At the end of 2011, Arena refiled the drug, which acts as a selective serotonin 2C receptor agonist, but earlier this week, FDA staffers reiterated the aforementioned concerns. However, they also noted that new data seemed to rule out an excess risk of valvular heart disease, though some panellists disagreed.

One of them, Sanjay Kaul of the Cedars Sinai Medical Center who voted against, said "the weight loss did not translate into a tangible benefit in clinically relevant cardiometabolic biomarkers, quality of life, or risk prediction models", except for improvement in HbA1c in the cohort with type 2 diabetes ". He added that "there remains lingering uncertainty regarding potential valvulopathy associated with lorcaserin".

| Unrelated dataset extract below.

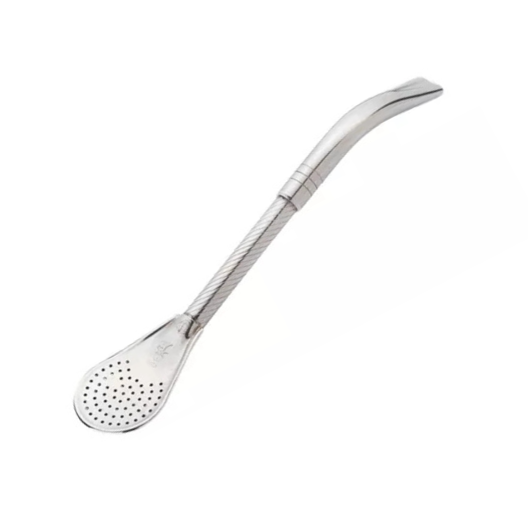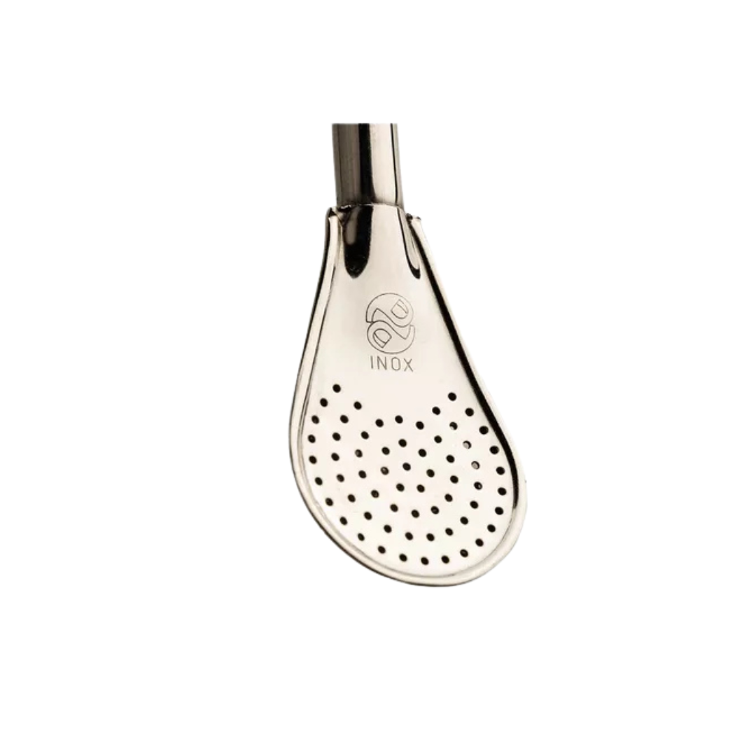 Bombilla de ACERO INOXIDABLE con cabeza tipo cuchara perforada que garantiza un filtrado parejo.

Arena chief executive Jack Lief claimed that the advisory committee's positive vote "supports our belief in lorcaserin as a potential new treatment option for the medical management of overweight and obesity". Once the news about the FDA panel thumbs-up came through, Arena and Eisai expanded their marketing and supply agreement for the drug to cover Canada, Mexico and Brazil, as well as the USA.

Support for lorcaserin comes a month after the FDA extended the PDUFA goal date from April 17 to July 17 for the New Drug Application on Vivus' rival obesity drug Qnexa (phentermine/topiramate), which was backed 20-2 by the agency's panel in February. Another weight loss drug, Orexigen Therapeutics/Takeda's Contrave (naltrexone/bupropion) is currently in a cardiovascular outcomes trial having also been turned down by the FDA earlier.